### Data segment
***

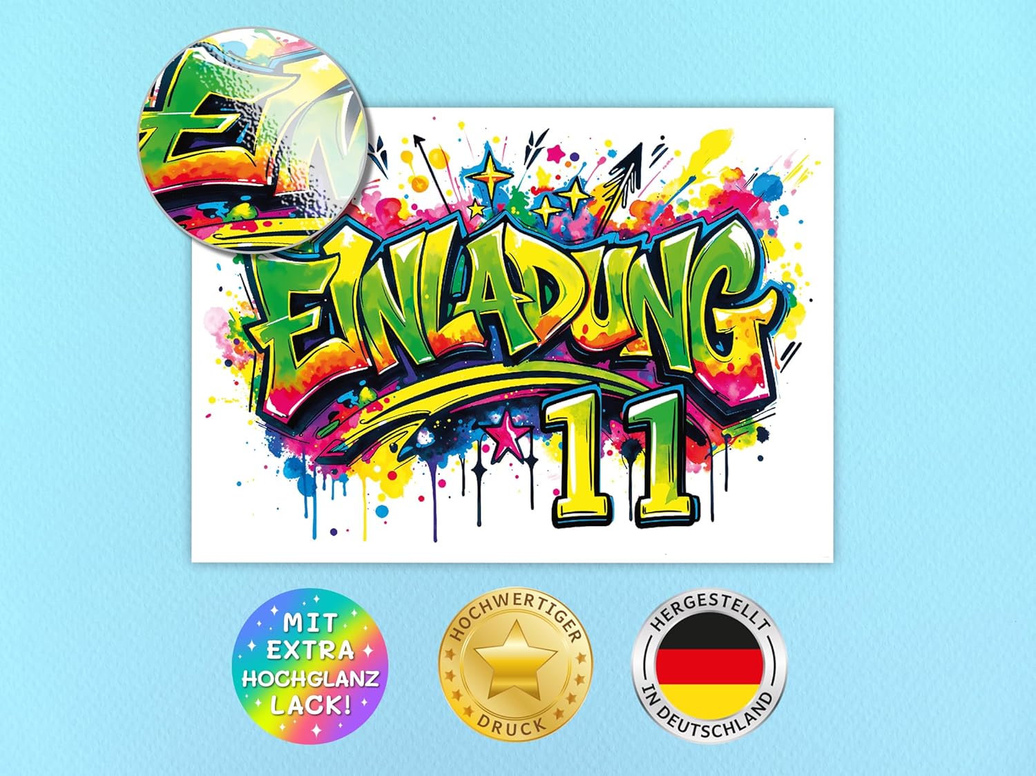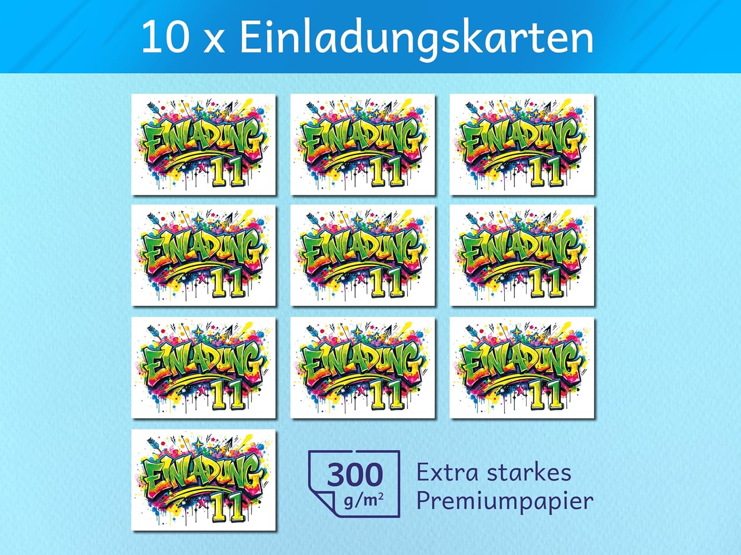 10 biglietti d'invito per l'undicesimo compleanno dei bambini bambini graffiti ragazze ragazzi inviti coloratissimi per l'undicesimo compleanno inviti di compleanno per bambini
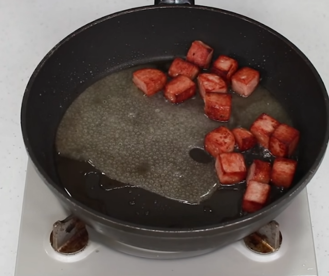 깍뚝썰기로 스팸을 썰어주고 사방으로 노릇하게 탈듯이 구워줍니다.
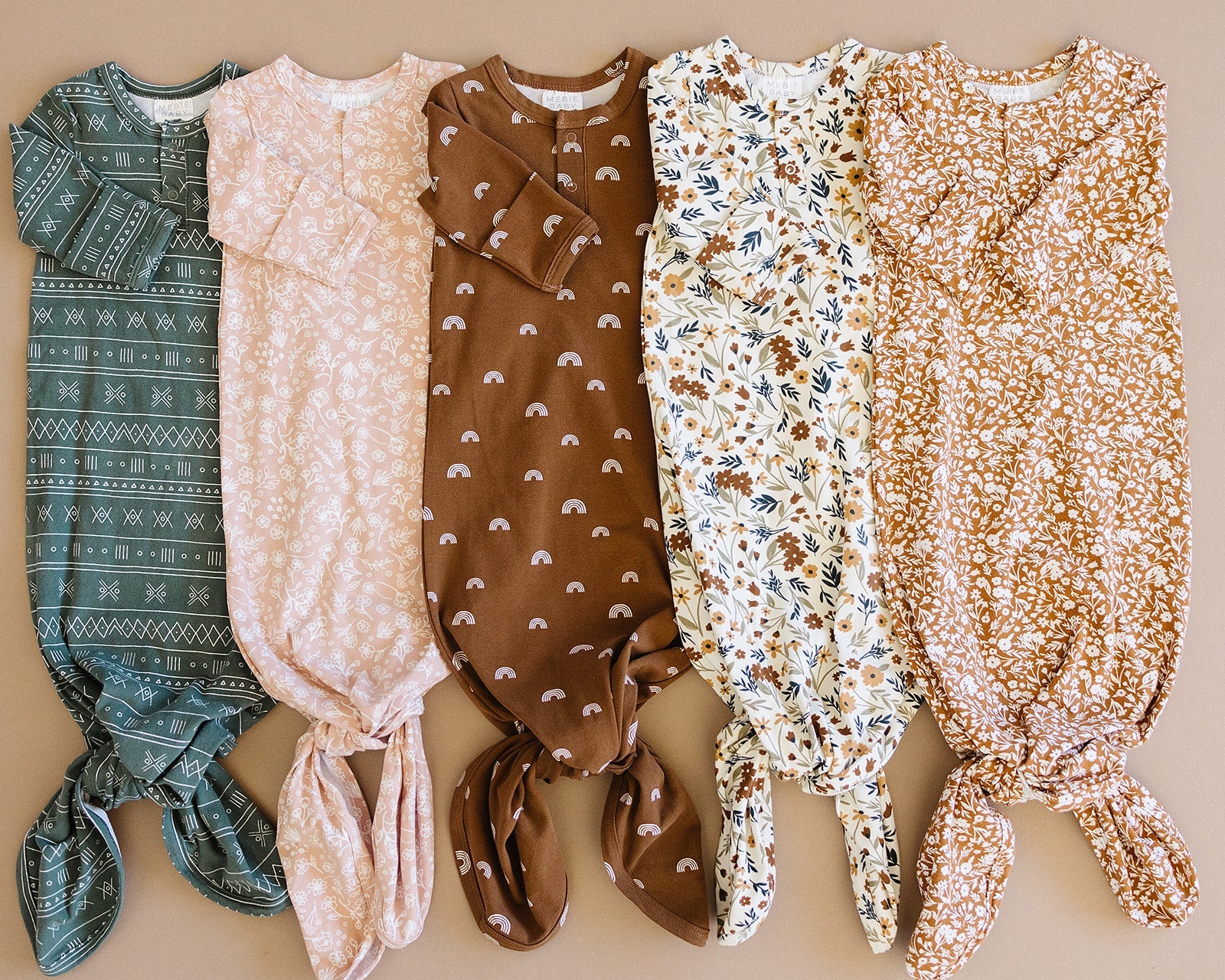 These gowns are size 0-3. They are made out of stunningly soft cotton to keep your little one comfortable. We have a variety of gender neutral designs and colors making them perfect for any baby. They have fold over hands and two snaps for easy on and off. We also have shoulder flaps to make it easily pull over your little ones head, we want to make dressing your baby as easy as possible. The bottom is easily tied and untied in a knot for no-fuss diaper changes which makes it a newborn baby essential!

***

### Task details
Starting at the top of the listing above, reproduce each line up to and including the one with "깍뚝썰기로 스팸을 썰어주고 사방으로 노릇하게 탈듯이 구워줍니다."; omit the pictures.

### Answer
 10 biglietti d'invito per l'undicesimo compleanno dei bambini bambini graffiti ragazze ragazzi inviti coloratissimi per l'undicesimo compleanno inviti di compleanno per bambini
 깍뚝썰기로 스팸을 썰어주고 사방으로 노릇하게 탈듯이 구워줍니다.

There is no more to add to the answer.